Elasticsearch is a powerful, scalable, distributed search engine designed for production use, large datasets, and advanced search features.  
It requires running a server and is suitable for real-world applications where persistence, scalability, and advanced querying are needed.

Run terminal command:

`docker run -d --name elasticsearch -p 9200:9200 -e "discovery.type=single-node" docker.elastic.co/elasticsearch/elasticsearch:8.13.4`

Or:

`docker run -d --name elasticsearch \
  -p 9200:9200 \
  -e "discovery.type=single-node" \
  -e "xpack.security.enabled=false" \
  -e "ES_JAVA_OPTS=-Xms512m -Xmx1g" \
  docker.elastic.co/elasticsearch/elasticsearch:8.13.4`

And check if Elasticsearch is up:

`curl http://localhost:9200`

In [11]:
from elasticsearch import Elasticsearch
from tqdm.auto import tqdm

# Create Elasticsearch Client (make sure Elasticsearch is running locally)
es_client = Elasticsearch('http://localhost:9200')

In [12]:
# Define Elasticsearch index settings and mappings for recipes
index_settings = {
    "settings": {
        "number_of_shards": 1, # A unit of storage and search.

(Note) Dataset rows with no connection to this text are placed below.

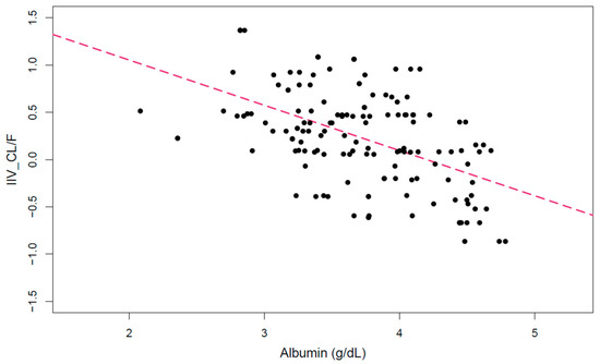 | ALB_CL/F | - | −2.33 (2.8%) | −2.46 : −2.21 | −2.36 (43.8%) | −4.39 : −0.335 |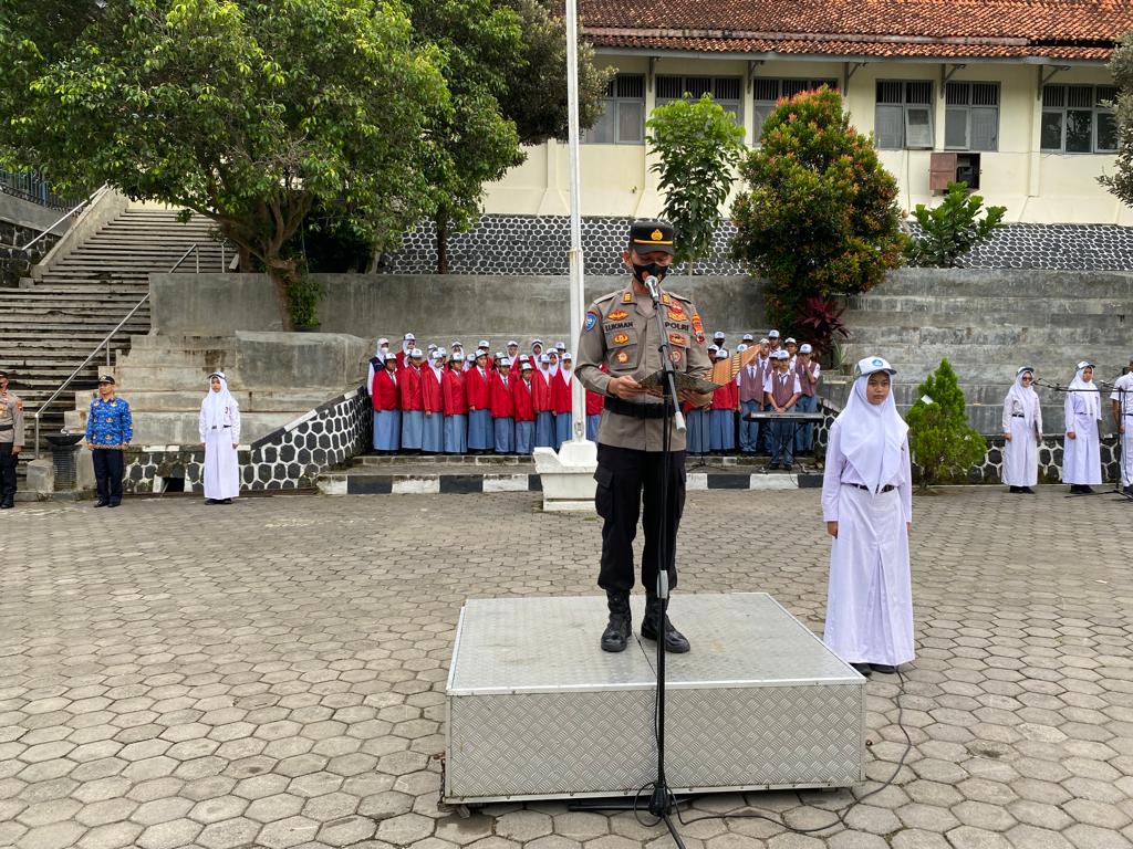 Polres Karanganyar – Kasat Binmas Polres Karanganyar AKP Lukman Tri Nof berikan pembinaan kepada siswa saat menjadi Inspektur Upacara di SMA N 1 Karanganyar, pada senin (17/10) pagi.
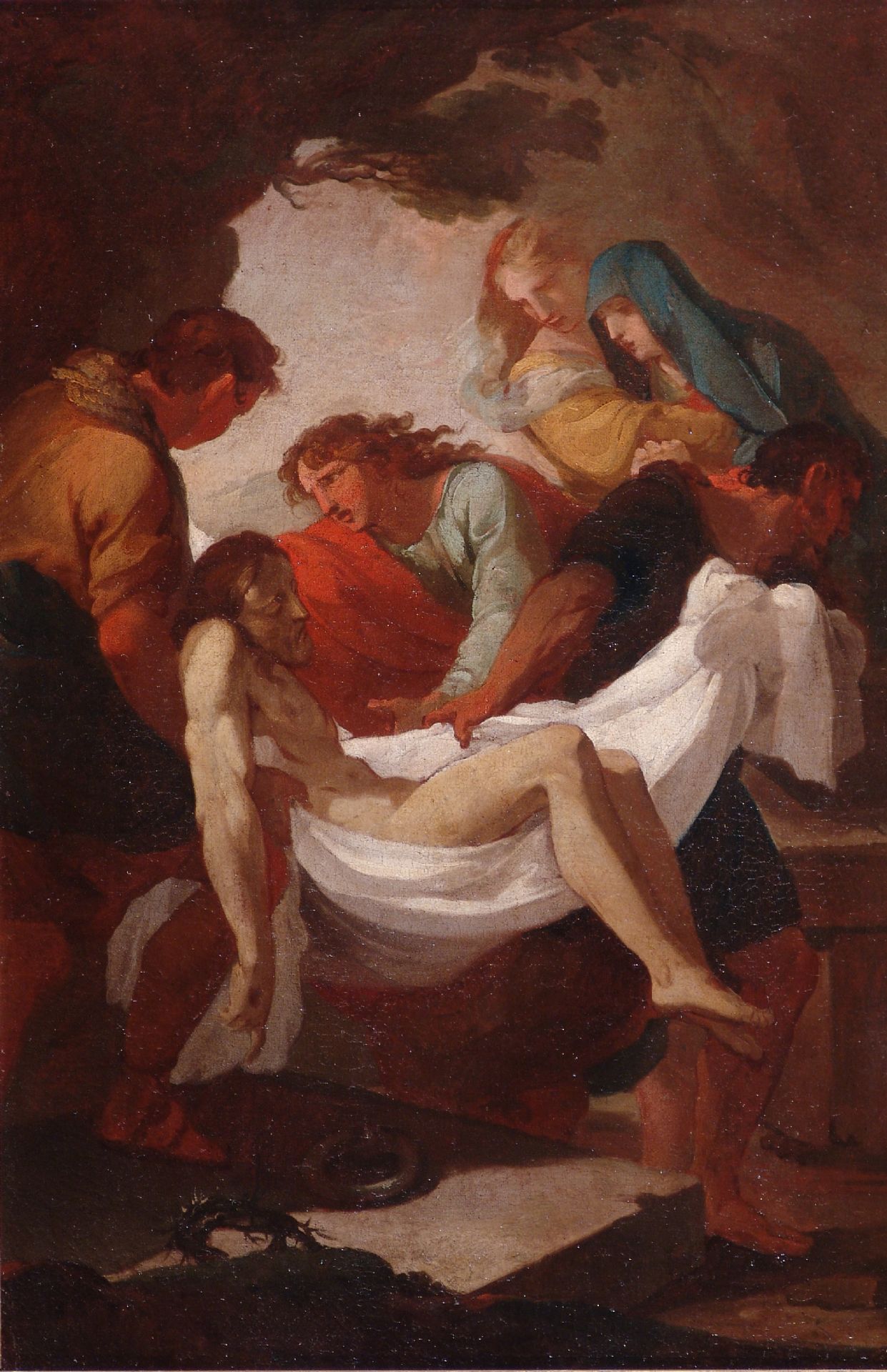 L'autografia di Pietro Fancelli e la datazione è attestata dalla firma emersa durante il restauro Petrus Fancelli Pinxit Anno 1796, posta nella parte posteriore della tela raffigurante il Trasporto di Cristo al sepolcro. Tale scritta, non visibile ad occhio nudo, è stata individuata attraverso un'ispezione ai raggi ultravioletti.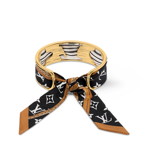 Das außergewöhnliche LV Initiales Armband aus Seide vereint den schimmernden Glanz von goldfarbenem Metall mit der Opulenz von edler Seide. Das kunstvoll gefertigte Modell zeigt sich mit den ikonischen Monogram-Blüten und LV Initialen des Hauses Louis Vuitton und wird von einem abnehmbaren Bandeau aus Seide durchzogen, welches mit dem Monogram-Motiv verziert ist. Ein unverkennbares Accessoire, das die Louis Vuitton Signatur auf einzigartige Weise präsentiert.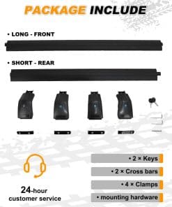 Paquete incluido: Un par de barras transversales con todos los tornillos y pernos necesarios.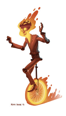 This would be me if I was the ghost rider. I hardly ever leave my office chair. Always drawing.

More shards can improve parallelism for large datasets
        "number_of_replicas": 0 # A shard copy for fault tolerance and increased search throughput (not recommended for production)
    },
    "mappings": {
        "properties": {
            "recipe_name": {"type": "text"},
            "main_ingredients": {"type": "text"},
            "all_ingredients": {"type": "text"},
            "instructions": {"type": "text"},
            "cuisine_type": {"type": "text"},
            "dietary_restrictions": {"type": "text"},
            "meal_type": {"type": "keyword"},
            "difficulty_level": {"type": "keyword"},
            "prep_time_minutes": {"type": "integer"},
            "cook_time_minutes": {"type": "integer"}
        }
    }
}

index_name = "recipes"

# Create the index (ignore error if it already exists)
try:
    es_client.indices.create(index=index_name, body=index_settings)
except Exception as e:
    print("Index may already exist:", e)

Index may already exist: BadRequestError(400, 'resource_already_exists_exception', 'index [recipes/YLkybRVbRMSnJpk0FiIC-w] already exists')


In [13]:
# Index documents into Elasticsearch
for doc in tqdm(documents):
    es_client.index(index=index_name, document=doc)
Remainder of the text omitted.